# What You'll Need:
→ For the Cookies
01 - 2 1/2 cups all-purpose flour
02 - 1/2 teaspoon baking powder
03 - 1/4 teaspoon salt
04 - 3/4 cup unsalted butter, softened
05 - 1 cup granulated sugar
06 - 1 large egg
07 - 2 teaspoons vanilla extract
→ For the Royal Icing
08 - 3 cups powdered sugar, sifted
09 - 2 large egg whites or 4 tablespoons meringue powder plus 6 tablespoons water
10 - 1/2 teaspoon vanilla extract
11 - Black gel food coloring
12 - Yellow gel food coloring
→ For Decoration
13 - Mini yellow M&Ms or candy pearls for tassels
# How To Make:
01 - In a small bowl, whisk together flour, baking powder, and salt. In a large bowl, beat softened butter and granulated sugar until light and fluffy, approximately 2 to 3 minutes. Add egg and vanilla extract, mixing until combined. Gradually incorporate flour mixture into wet ingredients, stirring until dough forms. Divide dough in half, shape each portion into a disk, wrap tightly in plastic wrap, and refrigerate for 30 minutes.
02 - Preheat oven to 350°F. Roll chilled dough on a lightly floured surface to 1/4-inch thickness. Cut cookies using a graduation cap or square cookie cutter. Arrange on parchment-lined baking sheets. Bake for 8 to 10 minutes until edges are just golden brown.
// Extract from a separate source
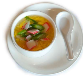
11. Zuppa di granchio Granchio*, asparagi e uovo .. 3.50 euro 🍳 🍷 🌿

Transfer to wire racks and cool completely.
03 - In a clean bowl, beat egg whites or meringue powder mixed with water until foamy. Gradually add sifted powdered sugar, beating continuously until stiff, glossy peaks form, approximately 5 minutes. Mix in vanilla extract. Divide icing into two portions: tint the larger portion black and the smaller portion yellow using gel food coloring. Adjust consistency by adding water by the teaspoon for flooding technique or additional powdered sugar for piping.
04 - Using black royal icing, outline each cookie and flood the interior surface. Use a toothpick to spread icing evenly to edges. Allow to set for 30 to 60 minutes until completely hardened.
05 - Transfer yellow royal icing to a piping bag fitted with a small round tip. Pipe a yellow tassel and button on each graduation cap. Place a mini M&M or candy pearl at the tassel end. Allow cookies to dry completely before serving or packaging, preferably several hours or overnight.